Upon review of the record in the present case, we find no error in the trial court's decision finding that there was sufficient evidence to support the board's decision that appellant had been discharged from his employment for just cause. Appellant was fully aware of his employer's attendance policy in which points were assessed against an employee for absenteeism and tardiness. The accumulation of more than nine points resulted in automatic termination which was apparently administered in a strict and impartial manner. During the course of his employment, appellant had been repeatedly absent and tardy, had received two prior warnings regarding problems with his attendance, and had been alerted that he was on the verge of discharge.

 

The last event which pushed appellant's total points over the permissible level of nine resulted from an automobile accident on a non-workday. While appellant claimed that the injuries arising out of the accident were very severe, he did not seek treatment in an emergency room nor contact his physician until approximately three days later and did not see a physician until five days following the accident. There was also testimony that when appellant contacted his foreman and reported off work for the first workday following the accident, he failed to elaborate on any of the details of the accident, nor did he state how severely he was injured or for what period he intended to be off work. When appellant failed to report off work for Tuesday, Wednesday and Thursday, and failed to timely produce a written excuse, his employer informed him that his employment was terminated effective March 16, 1986, pending a hearing. We note that there exist two doctors' reports in the record stating that at no time that appellant was absent from work was he unable to work. It is clear that an employee may be discharged for just cause based upon absence or tardiness. See Kiikka v. Ohio Bur. of Emp. Services (1985), 21 Ohio App. 3d 168, 169. We find no error in the board's decision requiring appellant to have made a greater effort to notify his employer and seek prompt medical attention nor in its decision that the tendered medical excuse was untimely.

 

Furthermore, we find that the negotiated policy regarding attendance to have been fair and fairly applied since appellant received notice of the policy, the policy was capable of being understood by the average person and there existed a rational basis for that policy. See Shaffer v.
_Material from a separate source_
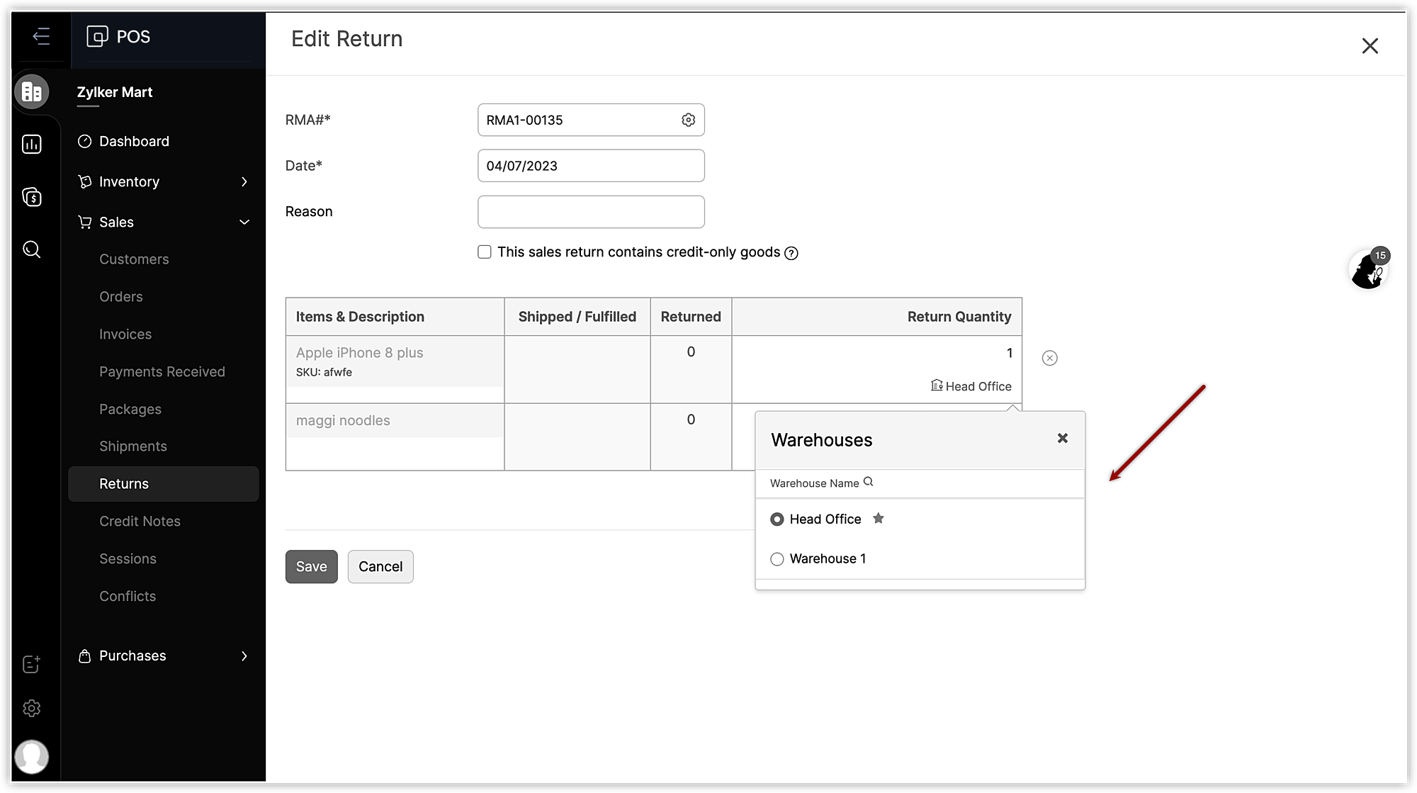 Fill in the details and select a Warehouse from the drop-down where the returned items are to be stored.

American Sickle Cell Anemia Assn. (June 12, 1986), Cuyahoga App. No. 50127, unreported. There exists no indication in the record demonstrating that appellant was treated differently from other employees nor that the employer had at anytime discriminatorily applied the policy.

 

Based on the foregoing, appellant's assignment of error is not well-taken and is overruled. The judgment of the trial court is hereby affirmed.


 DISPOSITION
 

Judgment affirmed.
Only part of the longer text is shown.